Tuesday, June 29, 2010

Part Five [This is part of my running report on the 2010 hearing in the Neil Gaiman v. Todd McFarlane case. To see coverage from the beginning, click here.] Arntsen asked Gaiman to introduce himself, and he responded, "I'm a writer." He cited his comics, adult novels, and children's books and commented that he'd won Eisner, Hugo, Nebula, and Newbery Awards [and has, since his testimony, won the Carnegie Medal] and noted that the Coraline film (nominated for an Oscar) had been based on his novel.

How had he gone about creating for McFarlane? "Todd had ... asked me to write an issue of Spawn. ... He wanted celebrity writers. ... Todd ... had told me that I could write anything that I wanted. He said that I had complete carte blanche. If I wanted to do 23 page of Spawn reading a newspaper, I could." At that point, he said, McFarlane was working on #4 or #5 of Spawn, writing him as a warrior of Hell. "If you're a warrior of Hell," Gaiman said, "then you've got to be fighting something. So fighting Heaven seemed to make sense. And I thought, if you're warriors, you can't have nice angels, because you have to have somebody to fight - so, therefore, they have to be warrior angels. And thought, Why not make it a female character?

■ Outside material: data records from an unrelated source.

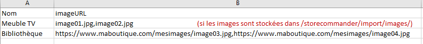 Lors de la création de votre fichier CSV, vous devrez inclure un identifiant du produit (nom, référence ou ID), puis une colonne contenant l'URL des images (voir l'article correspondant ici), séparée par des virgules, si le séparateur de valeur de votre configuration d'import est également la virgule.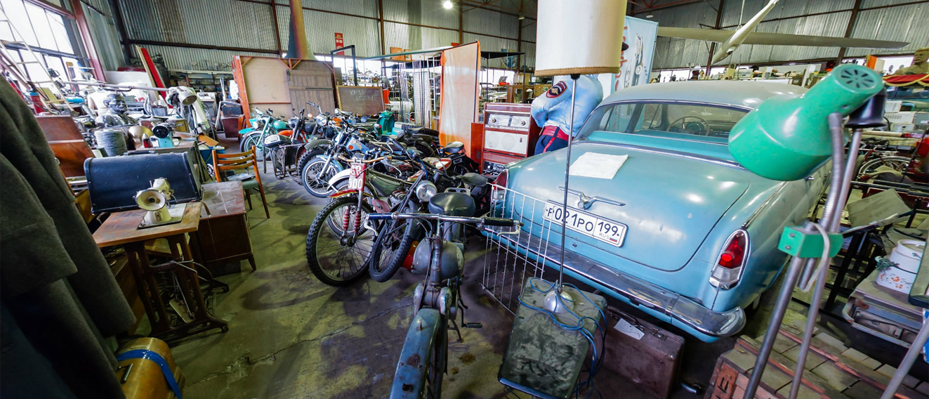 Under the roof of the museum you may see a handmade glider "Mechta" ("Dream"). In the far corner of the museum you may find a collection of rare motorcycles. Cars displayed in the museum are from private collections. Moreover on the territory of the museum visitors may see vehicles from storages of other museums. Our virtual tours gives you a good chance to see this unusual collection.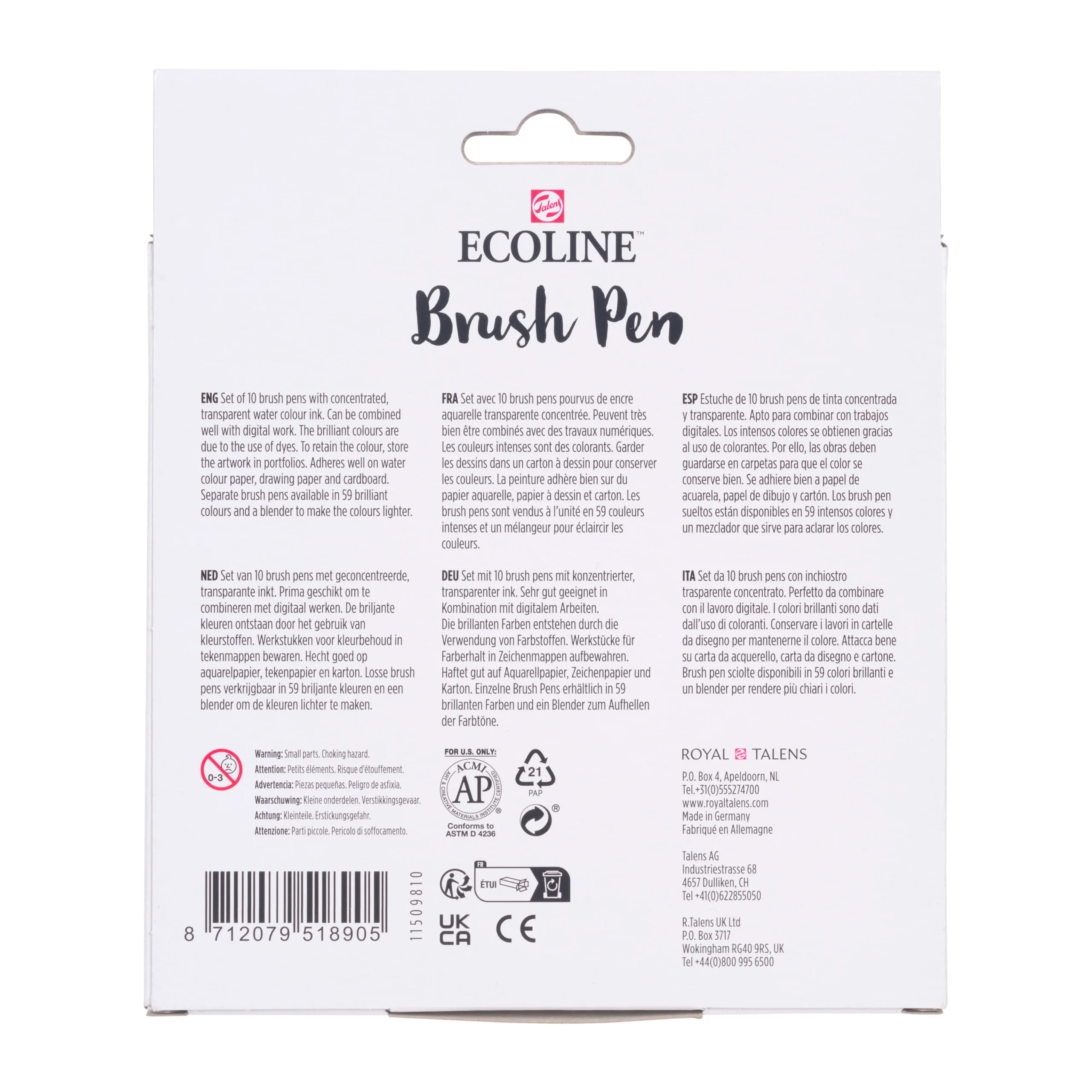 Bu set, çeşitli canlı tonlarda 10 adet Ecoline Fırça Uçlu Kalem içerir. Fırça Uçlu Kalem, saf, boya bazlı formülü sayesinde esnek ucu ve geniş yelpazedeki parlak renkleriyle öne çıkar. Şeffaf renkler, beyaz veya çok açık renkli kağıtlarda kullanıldığında en iyi sonuçları verir. Dilerseniz, suyla incelterek veya Fırça Uçlu Kalem karıştırıcısını kullanarak renk yoğunluğunu kolayca azaltabilirsiniz. Bu kalemler, el yazısı, suluboya çizimleri, hızlı eskizler ve son rötuşlar için mükemmeldir.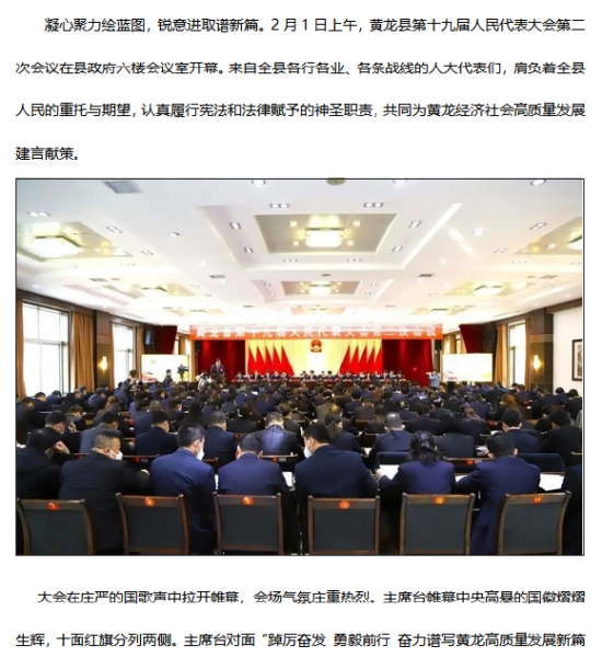 黃龍縣第十九屆人民代表大會(huì)第二次會(huì)議開幕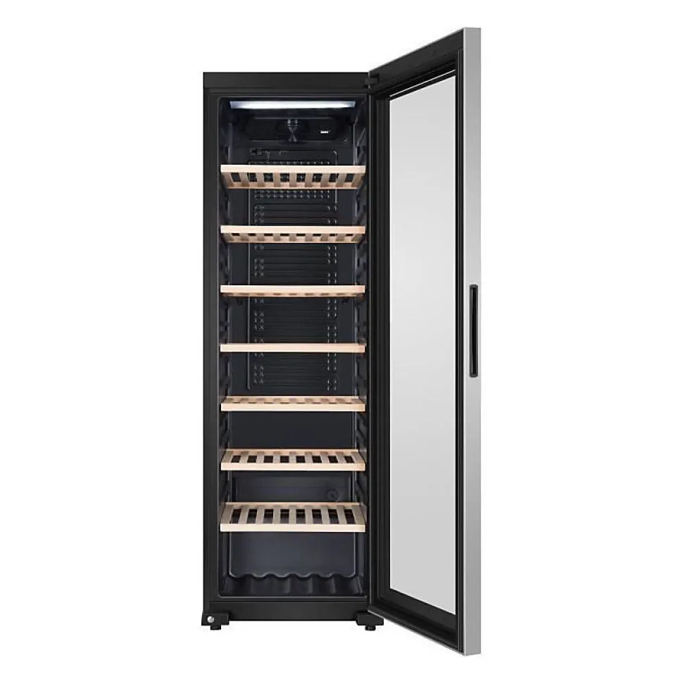 - Organisation intelligente de l’espace avec étagères ajustables, clayettes en bois et porte-bouteilles intégrés.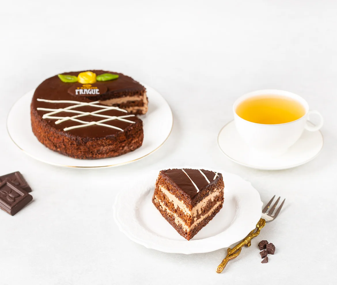 Необыкновенный торт, выпеченный со сметаной и натуральным сгущенным молоком, отборным сливочным маслом и натуральным шоколадом. Три слоя шоколадного бисквита, взбитый нежный сливочно-шоколадный крем и темный шоколад - истинное шоколадное наслаждение! Прага от Палыча нежная и ароматная, благодаря ликёру в пропитке коржей, раскрывающему густой шоколадный вкус эквадорского какао.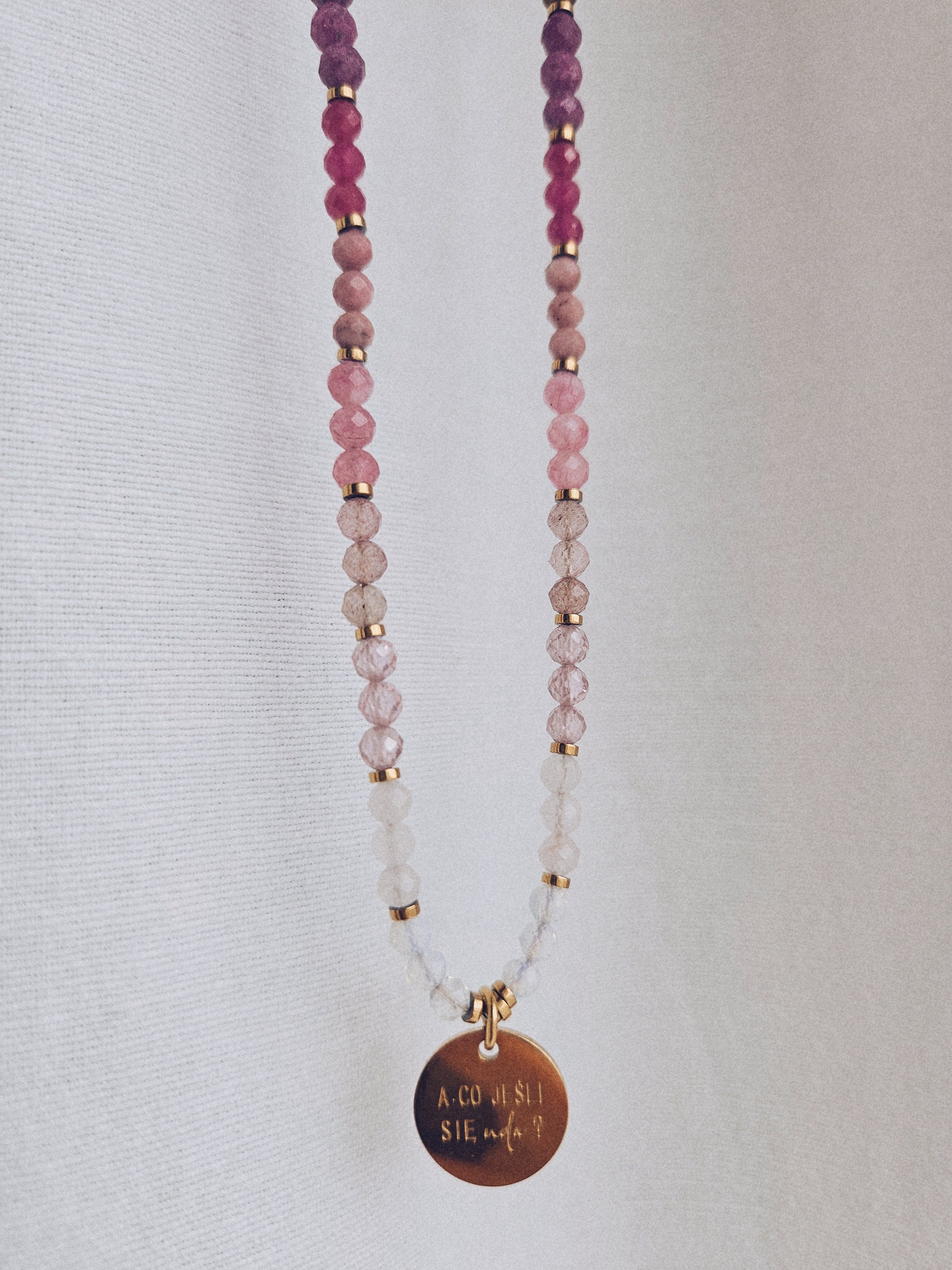 Ten naszyjnik to opowieść o drodze duszy — od cienia po pełnię światła. Łączy głęboką energię ochrony i odwagi z delikatnością miłości i duchowego przebudzenia. Czarny turmalin, kianit i rubin tworzą podstawę siły i mocy, a kwarc arbuzowy, rodonit, różowy kwarc, kryształ górski i opal unoszą wibrację ku zaufaniu, miłości i wewnętrznemu światłu.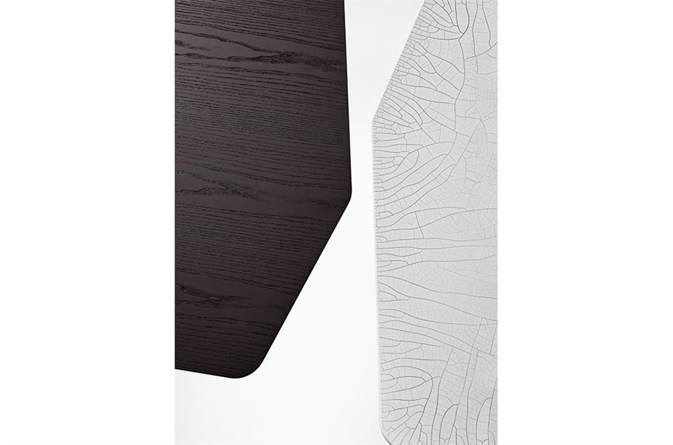 Обеденный стол Zen предлагает идеальное сочетание современного стиля и функциональности. Его столешница выполнена из матового ясеня, покрытого лаком черного цвета, что придаёт изделию элегантность и утонченность. Доступна версия со стеклянной столешницей, декорированной вручную с отделкой Craquelé, что добавляет нотку эксклюзивности и художественной выразительности. Таким образом, вы можете выбрать тот вариант, который лучше всего впишется в ваш интерьер.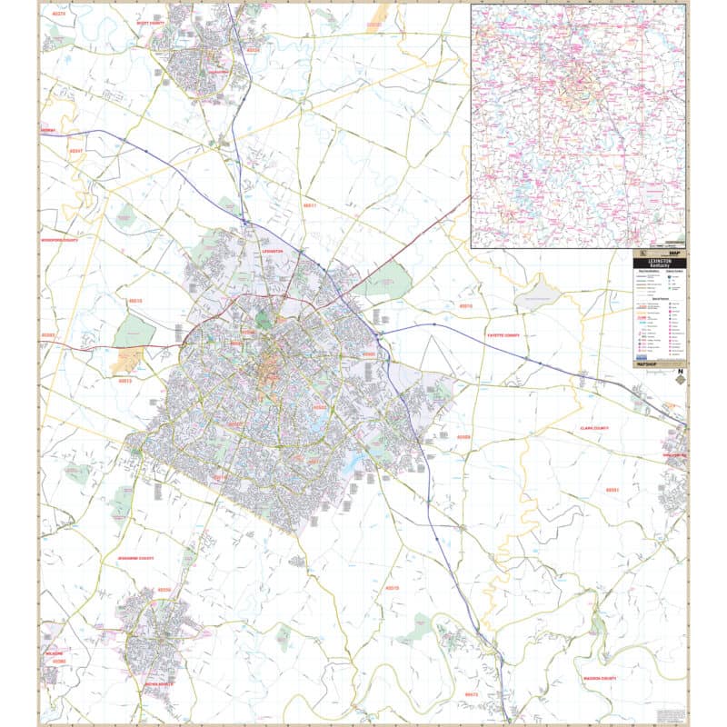 Discover the Lexington and Fayette County, KY Wall Map, meticulously crafted to provide comprehensive street-level detail for the region. This map, spanning an area of Fayette County, offers valuable geographic insights.

"So I called Todd and said, 'OK, this is the idea: female character, angel, talked him through it a little bit, and also asked Todd, 'Could there have been previous Spawns, because you haven't actually seen any previous Spawns at that time?' And he said he didn't see why not, as long as there weren't a lot of them. You couldn't have one every few years; they had to come along every hundred years or so. Because I thought, well, the best way to introduce a character who is going to fight Spawn is to actually show her killing a previous one of his predecessors, which establishes that she's the kind of person who does that kind of thing: kills Spawns."
The solicitation had to be ready before #9 shipped, so McFarlane drew a cover to accompany the solicitation. [It appeared in Diamond Comic Distributors' Previews catalog with the cover date of March 1993.] Gaiman explained the concept of the comics industry's solicitation process and then remarked on what McFarlane had drawn to accompany the solicitation: "I had to give Todd a little precis of what it would be, and he drew that cover - which wasn't exactly what I had in mind for the character. ... I thought when we were talking angels, we were probably talking something with more clothes. But I thought, Great, that's what we're given and that's kind of fun and, so, took the elements that Todd had created in there, the spear that he'd drawn. I thought, great, I'll play with that. So that ... was the first image." [The image appeared in the full-page ad, above, as well as in the solicitation itself.] "I'd come up with the idea of a character, she was going to be called Angela, and I did a little precis and a description for Todd of what was going to happen. He drew that image. I then took that image and made that the character that I was writing when I wrote the comic."
"Did you write the entire Spawn #9?"
"Yes."
"Were you aware of other characters like [this]?"
"There definitely hadn't been an army - as far as I know, anyway - ... an army of female kick-ass warrior angels, lady angels, who were also - who were hunters and merciless and not terribly nice. Because I thought, If Spawn & Co. are fighting these guys, then the other side needed to be almost as bad."
He commented that he was "making her a hunter ... somebody who just hunts these things and she has their heads on her wall."
As to "Medieval Spawn": "The idea was that there would have been a Spawn who was a knight in armor, and I had him essentially show up. I didn't have that many pages; it was one issue, so I came up with the idea of a Spawn who was a knight in armor. He shows up on his finely caparisoned horse. He has a shield, a sword, and a version of the Spawn costume that's essentially armor or something closer to what a knight in armor might wear or what a medieval knight would have worn. He shows up. ... I created a little backstory for him: the idea that he had been tricked by a devil; that his sister who he loved had - he returned from the dead to find that she had married his greatest enemy, somebody he hated, but he was still trying to be noble and knightly."